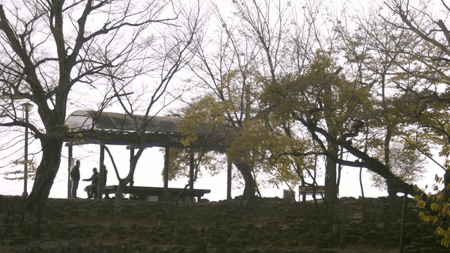 People gathered in pavilion under tree in forest
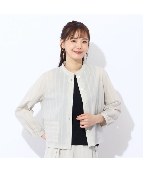 ブラウス感覚でさっと着られる軽やかな羽織りもの。ジャケットほど堅苦しくなく、カーディガンよりもややきちんと感があります。薄手素材でも長袖なので冷房の効いた室内でも頼りになります。
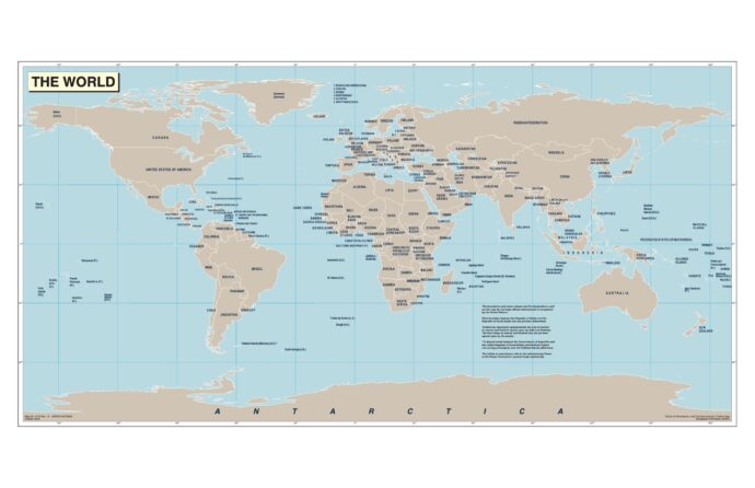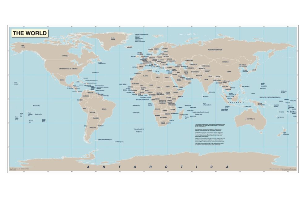 El último mapamundi, publicado en febrero de 2020 (ver más abajo) por las Naciones Unidas, adscribe el «archipiélago de las Chagos» a la República de Mauricio, tras más de cinco décadas de disputas para «completar la descolonización» entre la pequeña isla y el poderoso Reino Unido en esa parte del Océano Índico.
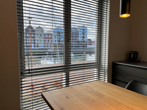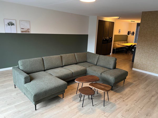 De moderne industriële leefkeuken beschikt over diverse (inbouw)apparatuur zoals koelkast, vriezer, inductie kookplaat met geïntegreerde afzuigkap, combi-magnetron, koffiezetapparaat en een vaatwasser allen van het merk AEG mat staal variant. De indeling zorgt voor voldoende werk- en opbergruimte.
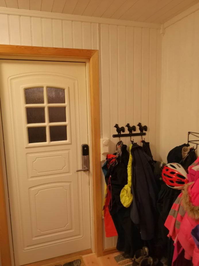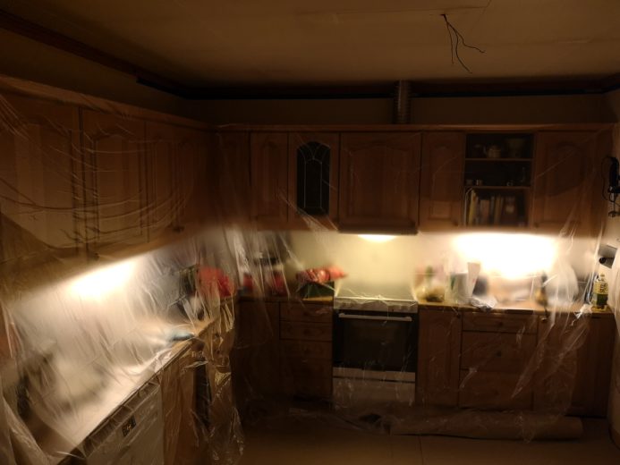 Nu kan julefreden senke sæ! To soverom, mellomgangen, yttergangen og sist men ikkje minst kjøkkenet e nu ferdig pussa opp på 8 uker. Kjøkkenet blei tatt i dag, tak og taklist malt hvitt, nye lys…
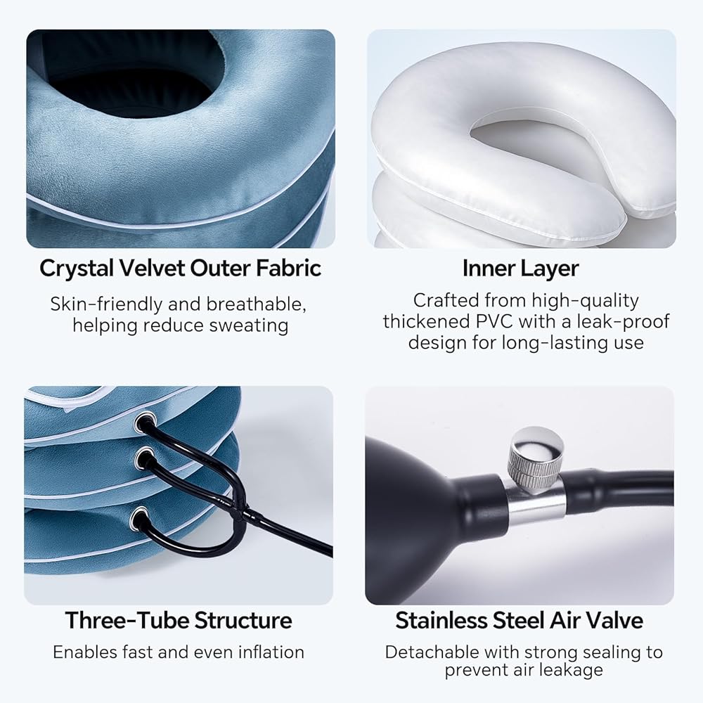نسيج تقني مطور: يتميز جهاز جر الرقبة هذا بطبقة داخلية سميكة من البولي فينيل كلوريد وأنبوب هواء، مما يمنع تسرب الهواء بشكل فعال ويضمن المتانة. القماش المخملي الكريستالي ناعم وصديق للبشرة وعديم الرائحة وسهل التنظيف، مما يوفر تجربة مريحة في كل مرة تستخدمه.
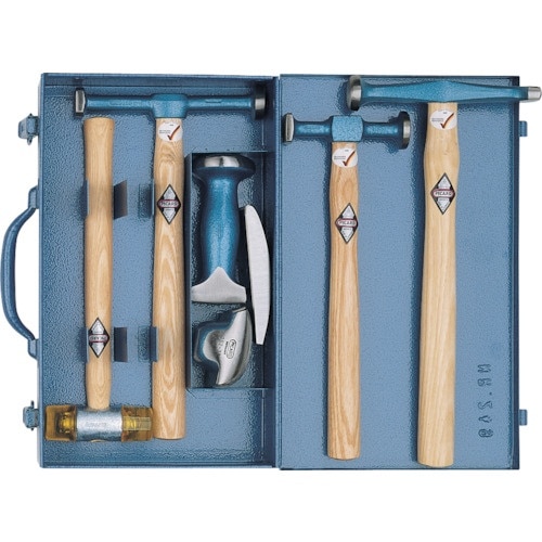 自動車の板金修理用工具7個が工具箱に入っています。自動車のボディのヘコミの修理に使用します。 |
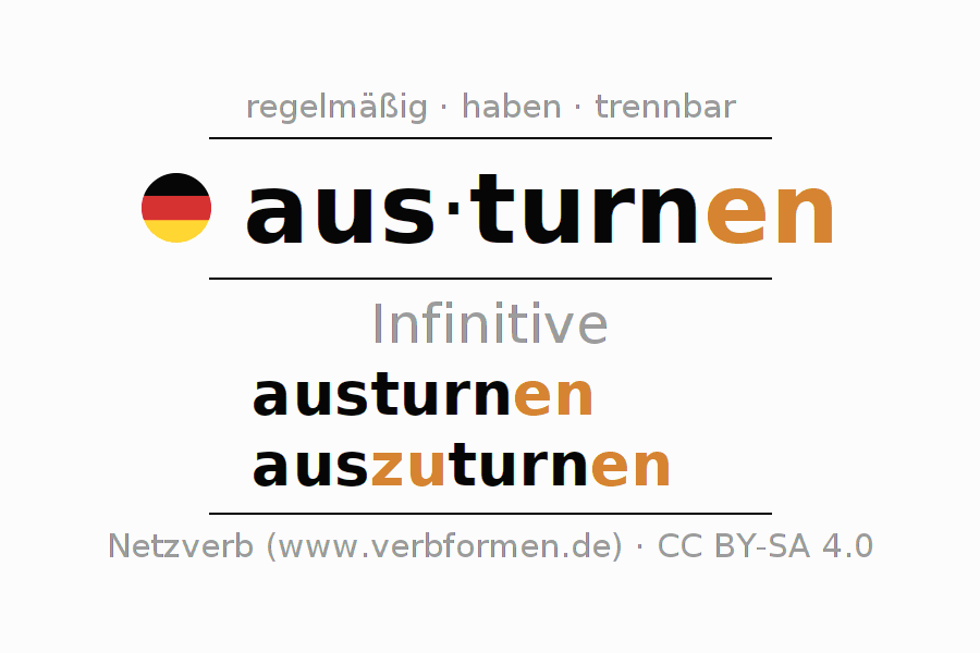 Das Verb austurnen vollständig in allen Personen und Numeri im Infinitiv Präsens Perfekt konjugiert
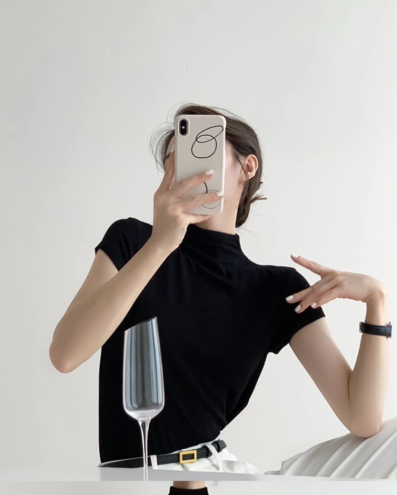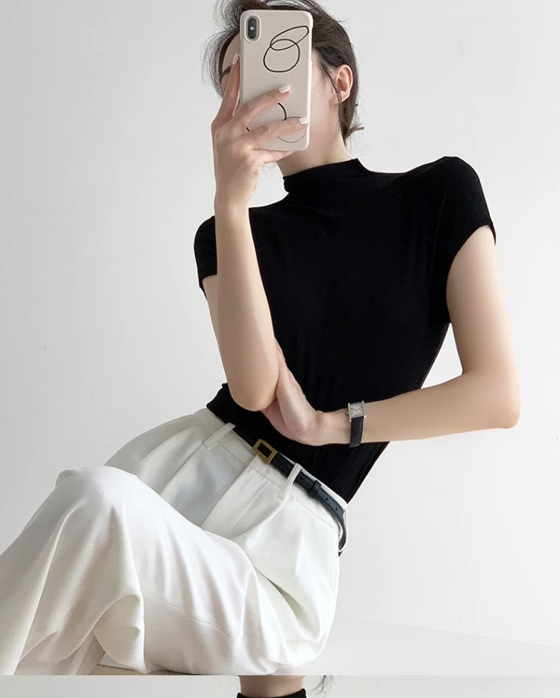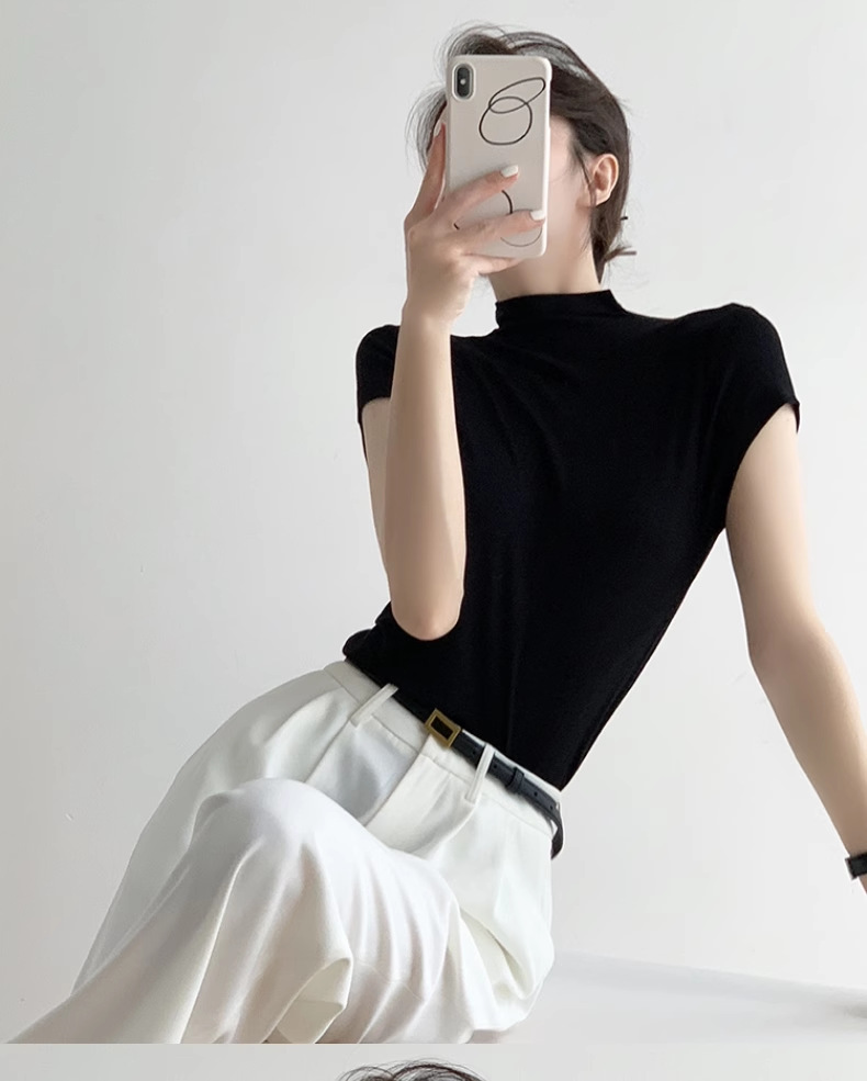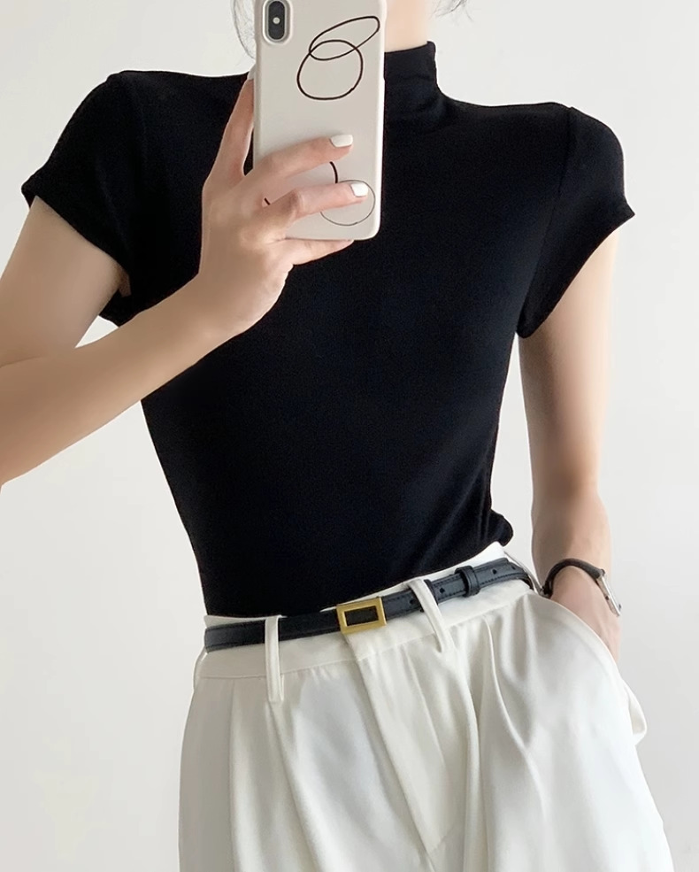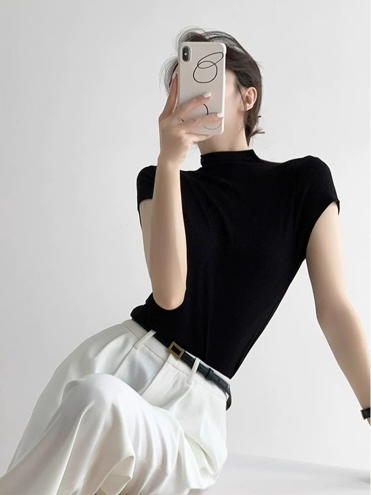 하이 엔드 블랙 하프 하이 넥 반팔 티셔츠 여성용 여름 인테리어 슬림 핏 아이스 실크 니트베이스 셔츠 숄더 탑

◆ Task directions
All records should be output exactly, with the pictures left out.

◆ Result
 People gathered in pavilion under tree in forest
 ブラウス感覚でさっと着られる軽やかな羽織りもの。ジャケットほど堅苦しくなく、カーディガンよりもややきちんと感があります。薄手素材でも長袖なので冷房の効いた室内でも頼りになります。
 El último mapamundi, publicado en febrero de 2020 (ver más abajo) por las Naciones Unidas, adscribe el «archipiélago de las Chagos» a la República de Mauricio, tras más de cinco décadas de disputas para «completar la descolonización» entre la pequeña isla y el poderoso Reino Unido en esa parte del Océano Índico.
 De moderne industriële leefkeuken beschikt over diverse (inbouw)apparatuur zoals koelkast, vriezer, inductie kookplaat met geïntegreerde afzuigkap, combi-magnetron, koffiezetapparaat en een vaatwasser allen van het merk AEG mat staal variant. De indeling zorgt voor voldoende werk- en opbergruimte.
 Nu kan julefreden senke sæ! To soverom, mellomgangen, yttergangen og sist men ikkje minst kjøkkenet e nu ferdig pussa opp på 8 uker. Kjøkkenet blei tatt i dag, tak og taklist malt hvitt, nye lys…
نسيج تقني مطور: يتميز جهاز جر الرقبة هذا بطبقة داخلية سميكة من البولي فينيل كلوريد وأنبوب هواء، مما يمنع تسرب الهواء بشكل فعال ويضمن المتانة. القماش المخملي الكريستالي ناعم وصديق للبشرة وعديم الرائحة وسهل التنظيف، مما يوفر تجربة مريحة في كل مرة تستخدمه.
 自動車の板金修理用工具7個が工具箱に入っています。自動車のボディのヘコミの修理に使用します。 |
 Das Verb austurnen vollständig in allen Personen und Numeri im Infinitiv Präsens Perfekt konjugiert
 하이 엔드 블랙 하프 하이 넥 반팔 티셔츠 여성용 여름 인테리어 슬림 핏 아이스 실크 니트베이스 셔츠 숄더 탑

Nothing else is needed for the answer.